**Items from a data source**:

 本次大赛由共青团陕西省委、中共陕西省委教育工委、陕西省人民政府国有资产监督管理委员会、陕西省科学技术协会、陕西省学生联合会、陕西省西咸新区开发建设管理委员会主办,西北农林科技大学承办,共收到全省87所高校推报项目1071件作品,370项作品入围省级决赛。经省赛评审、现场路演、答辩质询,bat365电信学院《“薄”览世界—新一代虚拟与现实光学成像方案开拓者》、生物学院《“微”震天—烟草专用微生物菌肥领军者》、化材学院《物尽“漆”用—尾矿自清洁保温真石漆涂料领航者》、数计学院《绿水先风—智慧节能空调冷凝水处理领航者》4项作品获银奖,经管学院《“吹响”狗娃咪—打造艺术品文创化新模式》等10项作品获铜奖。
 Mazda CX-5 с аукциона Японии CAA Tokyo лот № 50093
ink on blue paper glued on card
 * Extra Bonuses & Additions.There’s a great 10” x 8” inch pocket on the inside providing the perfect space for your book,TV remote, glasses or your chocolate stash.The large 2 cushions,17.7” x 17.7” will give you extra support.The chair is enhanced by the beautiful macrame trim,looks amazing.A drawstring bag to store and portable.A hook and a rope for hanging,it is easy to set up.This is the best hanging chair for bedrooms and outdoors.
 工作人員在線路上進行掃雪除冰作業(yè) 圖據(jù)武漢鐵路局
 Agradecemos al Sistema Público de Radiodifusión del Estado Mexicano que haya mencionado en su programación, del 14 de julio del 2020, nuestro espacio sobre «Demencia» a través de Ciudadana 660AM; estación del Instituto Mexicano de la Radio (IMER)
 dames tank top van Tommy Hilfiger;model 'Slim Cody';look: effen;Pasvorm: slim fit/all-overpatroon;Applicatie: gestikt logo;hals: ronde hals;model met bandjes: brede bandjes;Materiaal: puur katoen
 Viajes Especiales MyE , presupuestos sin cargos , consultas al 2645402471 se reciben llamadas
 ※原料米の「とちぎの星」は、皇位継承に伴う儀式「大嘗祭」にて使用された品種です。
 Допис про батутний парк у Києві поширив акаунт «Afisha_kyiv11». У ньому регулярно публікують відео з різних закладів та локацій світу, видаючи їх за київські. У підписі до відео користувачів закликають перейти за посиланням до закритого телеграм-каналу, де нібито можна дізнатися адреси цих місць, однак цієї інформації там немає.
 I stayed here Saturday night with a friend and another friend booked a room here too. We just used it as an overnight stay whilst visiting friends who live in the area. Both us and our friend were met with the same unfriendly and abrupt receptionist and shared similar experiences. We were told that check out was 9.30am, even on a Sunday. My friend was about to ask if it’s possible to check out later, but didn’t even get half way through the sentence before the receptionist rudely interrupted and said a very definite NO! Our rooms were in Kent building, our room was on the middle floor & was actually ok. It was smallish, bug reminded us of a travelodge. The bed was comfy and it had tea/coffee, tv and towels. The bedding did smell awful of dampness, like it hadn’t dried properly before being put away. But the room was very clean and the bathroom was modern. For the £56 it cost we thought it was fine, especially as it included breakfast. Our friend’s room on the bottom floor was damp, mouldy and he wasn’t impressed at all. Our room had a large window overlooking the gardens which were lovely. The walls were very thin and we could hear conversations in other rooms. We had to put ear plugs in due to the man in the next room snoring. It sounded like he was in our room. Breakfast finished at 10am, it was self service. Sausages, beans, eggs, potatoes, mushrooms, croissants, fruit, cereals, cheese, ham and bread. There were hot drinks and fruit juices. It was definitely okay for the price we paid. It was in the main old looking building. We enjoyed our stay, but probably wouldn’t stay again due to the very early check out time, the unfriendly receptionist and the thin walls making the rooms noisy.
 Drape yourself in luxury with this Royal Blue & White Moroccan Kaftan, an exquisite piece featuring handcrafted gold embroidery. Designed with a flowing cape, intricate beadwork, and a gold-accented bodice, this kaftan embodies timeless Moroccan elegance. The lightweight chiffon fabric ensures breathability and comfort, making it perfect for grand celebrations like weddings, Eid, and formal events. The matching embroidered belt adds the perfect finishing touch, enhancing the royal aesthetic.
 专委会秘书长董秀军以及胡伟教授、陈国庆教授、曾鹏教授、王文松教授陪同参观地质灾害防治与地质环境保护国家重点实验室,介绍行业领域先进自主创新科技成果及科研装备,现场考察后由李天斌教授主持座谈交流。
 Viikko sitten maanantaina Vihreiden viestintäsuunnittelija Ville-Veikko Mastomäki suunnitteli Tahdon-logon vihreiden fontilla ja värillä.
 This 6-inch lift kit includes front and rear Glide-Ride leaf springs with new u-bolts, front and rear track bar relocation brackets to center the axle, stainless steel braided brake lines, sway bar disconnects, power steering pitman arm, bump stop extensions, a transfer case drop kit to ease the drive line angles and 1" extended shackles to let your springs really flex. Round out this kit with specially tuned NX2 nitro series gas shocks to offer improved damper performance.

**Task to complete**: All lines above from the one holding "工作人員在線路上進行掃雪除冰作業(yè) 圖據(jù)武漢鐵路局" to the one holding "Допис про батутний", inclusive, are to be copied exactly; no other line is wanted.

**Solution for this task**:
 工作人員在線路上進行掃雪除冰作業(yè) 圖據(jù)武漢鐵路局
 Agradecemos al Sistema Público de Radiodifusión del Estado Mexicano que haya mencionado en su programación, del 14 de julio del 2020, nuestro espacio sobre «Demencia» a través de Ciudadana 660AM; estación del Instituto Mexicano de la Radio (IMER)
 dames tank top van Tommy Hilfiger;model 'Slim Cody';look: effen;Pasvorm: slim fit/all-overpatroon;Applicatie: gestikt logo;hals: ronde hals;model met bandjes: brede bandjes;Materiaal: puur katoen
 Viajes Especiales MyE , presupuestos sin cargos , consultas al 2645402471 se reciben llamadas
 ※原料米の「とちぎの星」は、皇位継承に伴う儀式「大嘗祭」にて使用された品種です。
 Допис про батутний парк у Києві поширив акаунт «Afisha_kyiv11». У ньому регулярно публікують відео з різних закладів та локацій світу, видаючи їх за київські. У підписі до відео користувачів закликають перейти за посиланням до закритого телеграм-каналу, де нібито можна дізнатися адреси цих місць, однак цієї інформації там немає.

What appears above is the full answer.